Pictures aside, repeat all the entries below exactly as they appear.

> **MATERIAL SHOWN**

- Opening Delimiter -

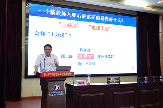 長興縣教育局黨委書記、局長欽國強開講第一課,他和新教師積極互動,圍繞“為什么當老師”這個問題,讓新教師再次明晰自我的職業選擇和角色定位,樹立育人初心。又從“你認為自己有哪些優點適合于從事教師這個行業”“你認為目前還有哪些不足”“你準備成為怎樣的老師”等問題深入探討,在全場的思維碰撞中,大家對“教育”“教學”這兩個詞有了更深度的解讀和深刻的思考。長興縣教育局黨委副書記雷曉財進行《新教師的師德啟航——奠定職業生涯的道德基礎》的師德專題講座,他從教師要遵守的基本行為準則、合理把握教育懲戒的規則、師德師風事件處置原則三方面,進一步強化了新教師要恪守師德,守牢底線不觸紅線。
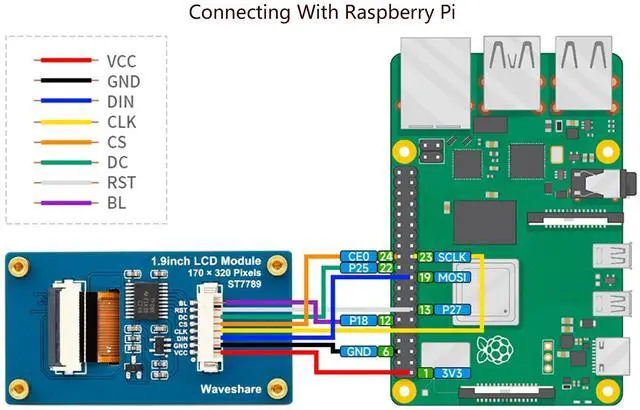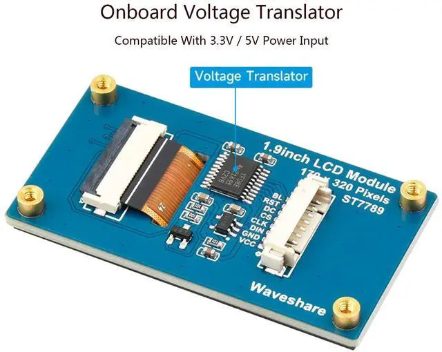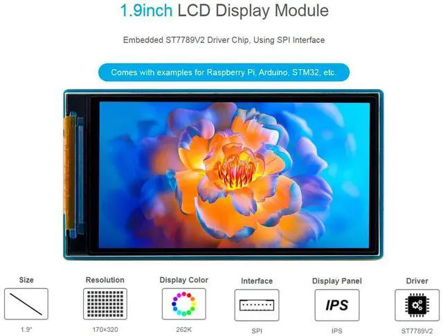 1.9 inch LCD Display Module, 170320 Resolution, SPI Interface, IPS, 262K ColorsFeatures170320 resolution, 262K colors, clear and colorful displaying effectSPI interface, minimizes required IO pins, supports controller boards like Raspberry Pi/Arduino/STM32Comes with online development resources (examples for Raspberry Pi/Arduino/STM32)SpecificationsOPERATING VOLTAGE-- 3.3V / 5VNote: (Please ensure that the power supply voltage is consistent with the logic voltage, otherwise it will not work normally.
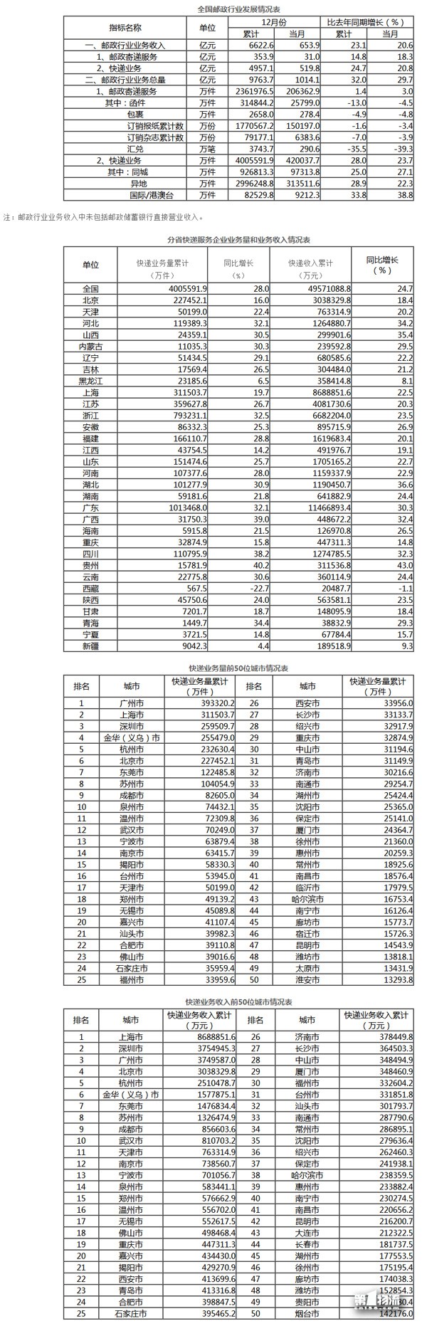 12月份,郵政服務業務總量完成159.1億元,同比增長30.4%;郵政寄遞服務業務量完成20.6億件,同比增長3%;郵政寄遞服務業務收入完成31億元,同比增長18.3%。
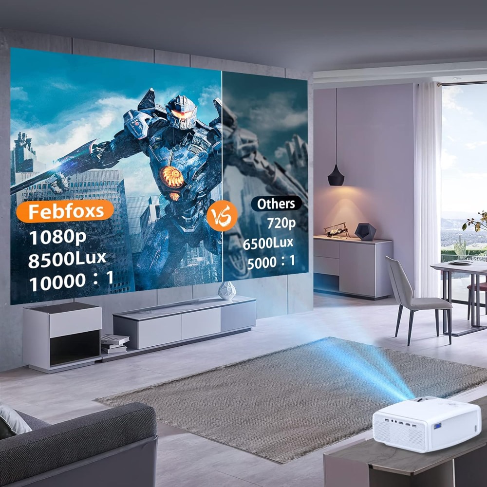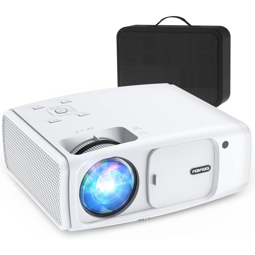 FEBFOXS Proyector con WiFi y Bluetooth, 8500L Nativo 1080P Proyector de video compatible con 4K, proyector portátil para exteriores con bolsa, compatible con iOS/Android/PC/DVD/TV Stick/PS5
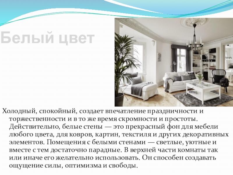 же время скромности и простоты. Действительно, белые стены — это прекрасный фон для мебели любого цвета, для ковров, картин, текстиля и других декоративных элементов. Помещения с белыми стенами — светлые, уютные и вместе с тем достаточно парадные. В верхней части комнаты так или иначе его желательно использовать. Он способен создавать ощущение силы, оптимизма и свободы.
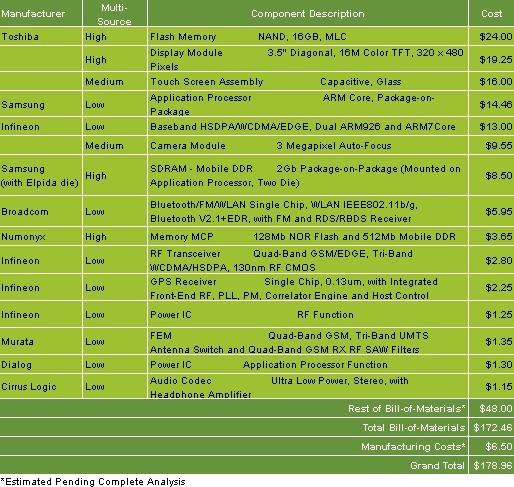• iSuppli拆機分析iPhone 3G S的材料及制造成本為178.96美元
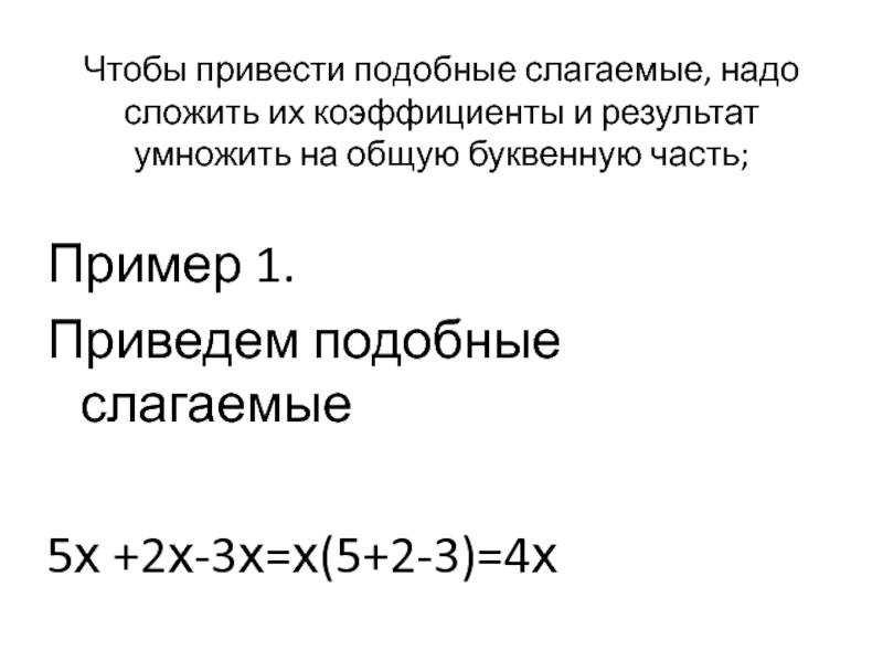 Чтобы привести подобные слагаемые, надо сложить их коэффициенты и результат умножить на общую буквенную часть; Пример 1.

- Closing Delimiter -

> **WRITTEN RESPONSE**
 長興縣教育局黨委書記、局長欽國強開講第一課,他和新教師積極互動,圍繞“為什么當老師”這個問題,讓新教師再次明晰自我的職業選擇和角色定位,樹立育人初心。又從“你認為自己有哪些優點適合于從事教師這個行業”“你認為目前還有哪些不足”“你準備成為怎樣的老師”等問題深入探討,在全場的思維碰撞中,大家對“教育”“教學”這兩個詞有了更深度的解讀和深刻的思考。長興縣教育局黨委副書記雷曉財進行《新教師的師德啟航——奠定職業生涯的道德基礎》的師德專題講座,他從教師要遵守的基本行為準則、合理把握教育懲戒的規則、師德師風事件處置原則三方面,進一步強化了新教師要恪守師德,守牢底線不觸紅線。
 1.9 inch LCD Display Module, 170320 Resolution, SPI Interface, IPS, 262K ColorsFeatures170320 resolution, 262K colors, clear and colorful displaying effectSPI interface, minimizes required IO pins, supports controller boards like Raspberry Pi/Arduino/STM32Comes with online development resources (examples for Raspberry Pi/Arduino/STM32)SpecificationsOPERATING VOLTAGE-- 3.3V / 5VNote: (Please ensure that the power supply voltage is consistent with the logic voltage, otherwise it will not work normally.
 12月份,郵政服務業務總量完成159.1億元,同比增長30.4%;郵政寄遞服務業務量完成20.6億件,同比增長3%;郵政寄遞服務業務收入完成31億元,同比增長18.3%。
 FEBFOXS Proyector con WiFi y Bluetooth, 8500L Nativo 1080P Proyector de video compatible con 4K, proyector portátil para exteriores con bolsa, compatible con iOS/Android/PC/DVD/TV Stick/PS5
 же время скромности и простоты. Действительно, белые стены — это прекрасный фон для мебели любого цвета, для ковров, картин, текстиля и других декоративных элементов. Помещения с белыми стенами — светлые, уютные и вместе с тем достаточно парадные. В верхней части комнаты так или иначе его желательно использовать. Он способен создавать ощущение силы, оптимизма и свободы.
• iSuppli拆機分析iPhone 3G S的材料及制造成本為178.96美元
 Чтобы привести подобные слагаемые, надо сложить их коэффициенты и результат умножить на общую буквенную часть; Пример 1.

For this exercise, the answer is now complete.